When the Floral Trials Sub-Committee met on Tuesday we spent some time looking at the Kniphofia trial which is setting the trials field on fire with a blaze of yellows, oranges and reds. http://www.rhs.org.uk/plants/documents/Kniphofia2007Index.pdf
As well as selecting the best plants for gardeners through the Award of Garden Merit, the RHS trials also raise and aim to solve nomenclatural and identity queries. For example this week it was a case of spot the difference between three of the Kniphofia trial entries.
Entered as:
31. Kniphofia ‘Bee's Sunset'
73. Kniphofia ‘Coral Sceptre' (in this case only the back plant of 3 was in flower.
91. Kniphofia ‘Shining Sceptre'
These three entries all looked to be very similar if not the same, a floriferous show of vivid orange blooms, held on bronze coloured stems, some with a curve to them, held above fairly average foliage.

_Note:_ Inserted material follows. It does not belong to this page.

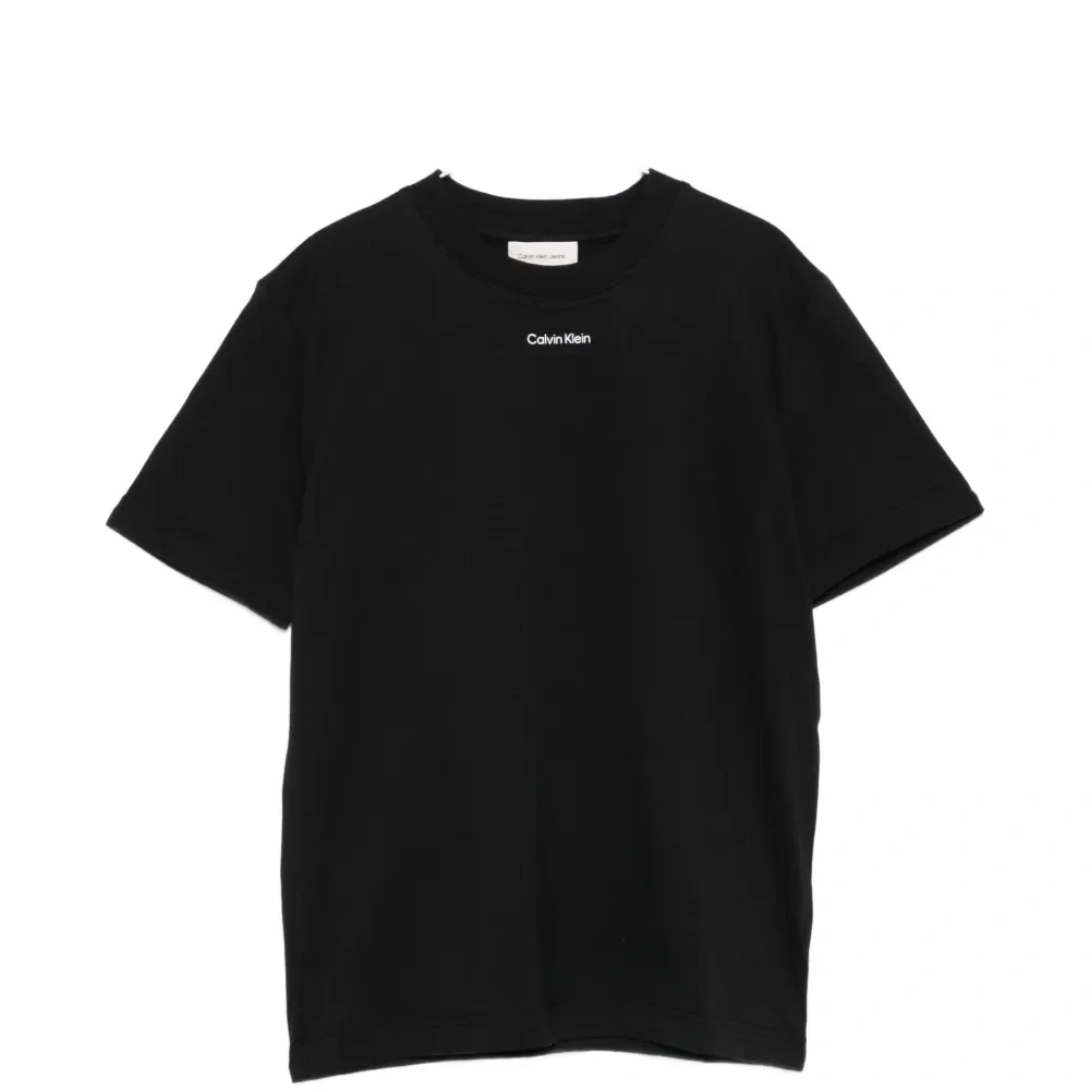 чёрная футболка с принтом логотипа, круглым вырезом и короткими рукавами

Committee member Bob Brown of Cotswold Garden Flowers http://www.cgf.net/ recalled there being some confusion in the past with ‘Bee's Sunset' being in the trade incorrectly as ‘Shining Sceptre' and ‘Coral Sceptre'. Fellow Committee member Chris Sanders, Plantsman and also a member of the Woody Plant Committee said that the plants labelled as ‘Bee's Sunset' in the trial were not as he remembered the cultivar. This issue has now been flagged and will continue to be discussed by the Floral Trials Sub-Committee and the Keeper of the Herbarium, Dr Christopher Whitehouse, a South African Plant Specialist, who is the Botanist for this trial. The aim is to conclude such queries when the final report and bulletin are published following the trial.